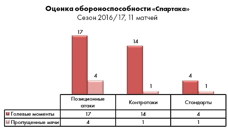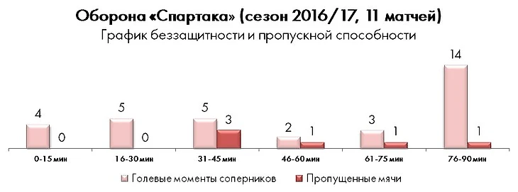 Как показывают цифры, серьезнейшие проблемы в обороне у «Спартака» возникают в последнюю четверть часа, когда количество угроз его воротам чуть ли не кратно возрастает. Та же «Уфа» имела три стопроцентных момента в последней 10-минутке, и при определенных раскладах первое поражение лидера чемпионата могло получиться разгромным.
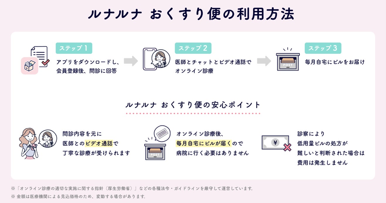 ※1:『ルナルナ おくすり便』は、医療機関とユーザーとの間でのオンライン診療を実現するプラットフォームです。実際の診療・薬剤の処方と発送は医療機関および医師が行います。診察の結果によっては、ピルの処方を受けられない場合や、おまとめプランを選択いただけない場合があります。
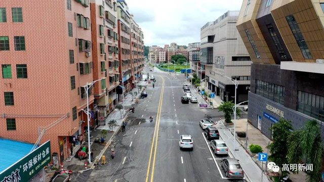 在新亨广场对面的禾洲村附近,一条新建的城市道路呈现在眼前,施工人员在已经完工的沥青路面取样检验,一台大型吊机把一面硕大的交通指路牌吊起来进行安装。高明区交通运输事务中心市政工程建设股股长谭东华介绍,交通指路牌预计安装完成后,此道路将开放通行。
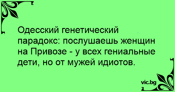 Одесский генетический парадокс: послушаешь женщин на Привозе - у всех гениальные дети, но от мужей идиотов.
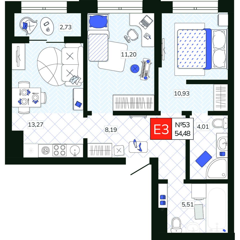 Общая площадь54,48 м2
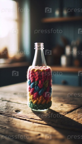 Мокет прозрачной стеклянной бутылки с молоком, расположенный в красочном трикотажном многоразовом рукаве на деревянном кухонном столе, Ai generated image
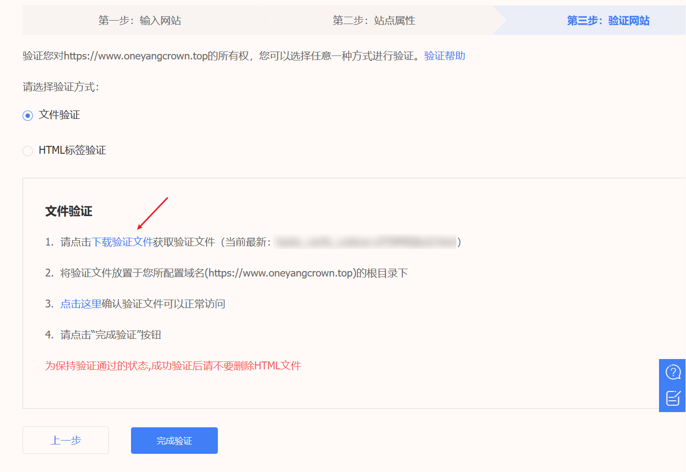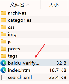 下载百度提供的验证文件,放到MyBlog\source目录下,然后执行一次部署,在网站根目录就可以看到验证文件了
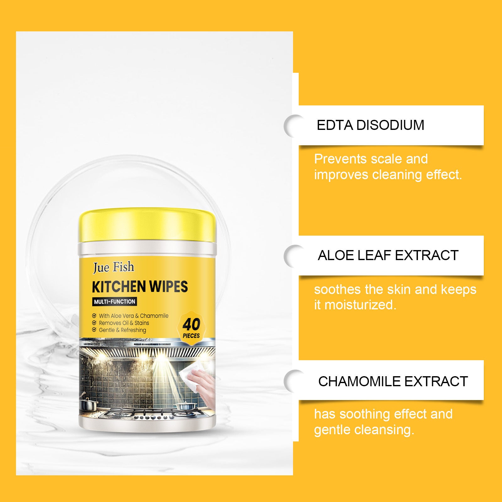 Make everyday kitchen cleaning quicker and easier with these Multifunctional Kitchen Cleaning Wipes. Each pack includes 40 non-woven wet wipes, pre-moistened with a powerful degreasing formula that cuts through grease, oil, food stains, and grime on a variety of surfaces.
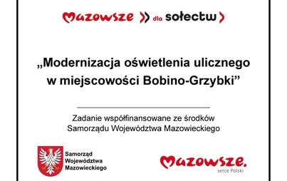 Informujemy o zrealizowaniu przez Gminę Płoniawy-Bramura zadania pn. „Wyposażenie świetlicy wiejskiej w miejscowości Bobino Wielkie”, które miało na celu utworzenie zaplecza kuchennego w tejże świetlicy. Zadanie współfinansowano ze środków Samorządu Województwa Mazowieckiego w ramach „Mazowsze dla sołectw 2022”. Mamy nadzieję, że realizacja zadania przyczyni się do poprawy warunków korzystania ze świetlicy wiejskiej oraz zwiększy możliwości jej wykorzystania, a ponadto wpłynie na integrację społeczności Sołectwa Bobino Wielkie.

Required work: Please copy out from the data above, without any picture, exactly the lines running from the one that holds "Мокет прозрачной стеклянной" through the one that holds "下载百度提供的验证文件,放到", and nothing beyond them.

Written answer:
 Мокет прозрачной стеклянной бутылки с молоком, расположенный в красочном трикотажном многоразовом рукаве на деревянном кухонном столе, Ai generated image
 下载百度提供的验证文件,放到MyBlog\source目录下,然后执行一次部署,在网站根目录就可以看到验证文件了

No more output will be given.